See https://github.com/threatspec/threatspec_example_report.

Getting help

For more information, use the command line help flag.

$ threatspec --help
Usage: threatspec [OPTIONS] COMMAND [ARGS]...

  threatspec - continuous threat modeling, through code

  threatspec is an open source project that aims to close the gap between
  development and security by bringing the threat modelling process further
  into the development process. This is achieved by having developers and
  ...

Annotating your code

Supported file types

At the heart of threatspec there is a parser that reads source code files and processes any annotations found in those files. It uses a Python library called comment_parser to extract those comments. The comment_parser library determines the file's MIME type in order to know which type of comments need to be parsed.

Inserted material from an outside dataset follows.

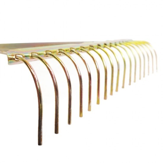 Grebla de frunze fara coada cu 18 dinti dispusi sub forma de evantai.
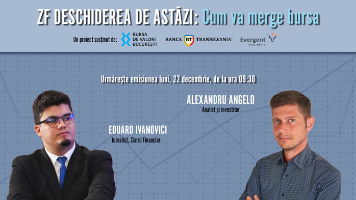ZF DESCHIDEREA DE ASTĂZI. Cum va merge bursa. Urmăriţi o discuţie luni, 22 decembrie 2025, ora 09.30 cu Alexandru Angelo, analist şi investitor

The supported file MIME types are:

| Language | Mime String | |------------ |------------------------- | | C | text/x-c | | C++/C# | text/x-c++ | | Go | text/x-go | | HTML | text/html | | Java | text/x-java-source | | Javascript | application/javascript | | Shell | text/x-shellscript | | XML | text/xml |

An unknown MIME type will result in a warning and the file will be skipped.

See https://github.com/jeanralphaviles/comment_parser for details.

In addition to these, threatspec will also soon parse the following files natively:

  • YAML
  • JSON
  • Plain text

If the MIME type for a file can't be determined, or if it is incorrect, you can override the MIME type for a path in the threatspec.yaml configuration file.

Comment types

There are four main comment types supported by threatspec.

Single-line

A single-line comments are the most common use-case for threatspec as they allow you to capture the necessary information as close as possible to the code. An example would be

// @mitigates WebApp:FileSystem against unauthorised access with strict file permissions
func (p *Page) save() error {

Multi-line

If you want to capture multiple annotations in the same place, you could use multiple single-line comments. But you can also use multi-line comments instead:

/*
@accepts arbitrary file writes to WebApp:FileSystem with filename restrictions
@mitigates WebApp:FileSystem against unauthorised access with strict file permissions
*/
func (p *Page) save() error {
    filename := p.Title + ".txt"
    return ioutil.WriteFile(filename, p.Body, 0600)
}

More importantly, if you want to use the extended YAML syntax (see below), you'll need to use multi-line comments:

/*
@mitigates WebApp:FileSystem against unauthorised access with strict file permissions:
  description: |
    The file permissions 0600 is used to limit the reading and writing of the file to the user and root.
    This prevents accidental exposure of the file content to other system users, and also protects against
    malicious tampering of data in those files. An attacker would have to compromise the server's user
    in order to modify the files.
*/
func (p *Page) save() error {
    filename := p.Title + ".txt"
    return ioutil.WriteFile(filename, p.Body, 0600)
}

Inline

You can add comments to the end of lines that also contain code. This can be useful, but might result in rather long lines. Probably best to use these for @review annotations.

        err = ioutil.WriteFile("final-port.txt", []byte(l.Addr().String()), 0644) // @review WebApp:Web Is this a security feature?

YAML and JSON

Finally, the last comment type isn't really a comment at all. Rather, it's addtional keys in JSON or YAML data files using the x-threatspec extension key. This was primarily chosen to be compatible with OpenAPI/Swagger files but might work in other circumstances. The rest of the threatspec annotation is essentially the same. So a very simple example would be something like:

servers:
  - url: http://petstore.swagger.io/v1
    x-threatspec: "@exposes Petstore:Web to Man in the Middle (#mitm) with lack of TLS"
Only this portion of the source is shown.